» **WORK ITEM**
Give back the full listing as written. No pictures go with it.

==== DATA SEGMENT

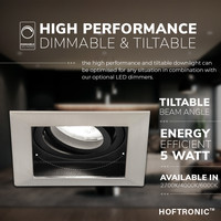 3x Durham square LED recessed downlights - 4W 345lm 6500K GU10 - Dimmable Tiltable
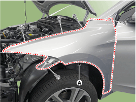 Ослабив крепежные болты, снимите крыло в сборе (А).
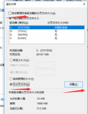 5、然后选中原来的C盘分页文件大小,如下图,选成无分页文件,然后点设置
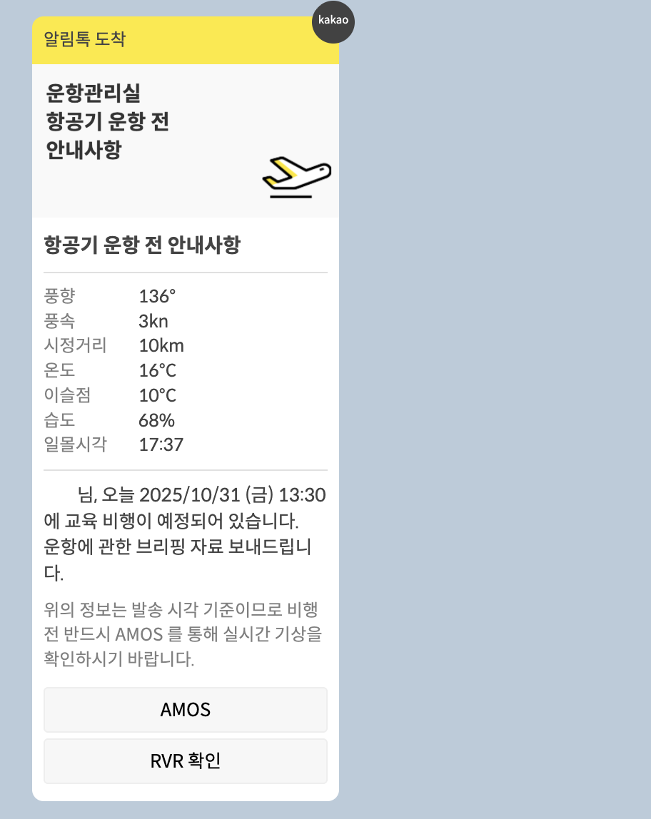 비행 당일 2시간 전에는 알림톡으로 당일 비행에 대한 브리핑 정보도 보내드립니다.

========

» **EXERCISE OUTPUT**
 3x Durham square LED recessed downlights - 4W 345lm 6500K GU10 - Dimmable Tiltable
 Ослабив крепежные болты, снимите крыло в сборе (А).
 5、然后选中原来的C盘分页文件大小,如下图,选成无分页文件,然后点设置
 비행 당일 2시간 전에는 알림톡으로 당일 비행에 대한 브리핑 정보도 보내드립니다.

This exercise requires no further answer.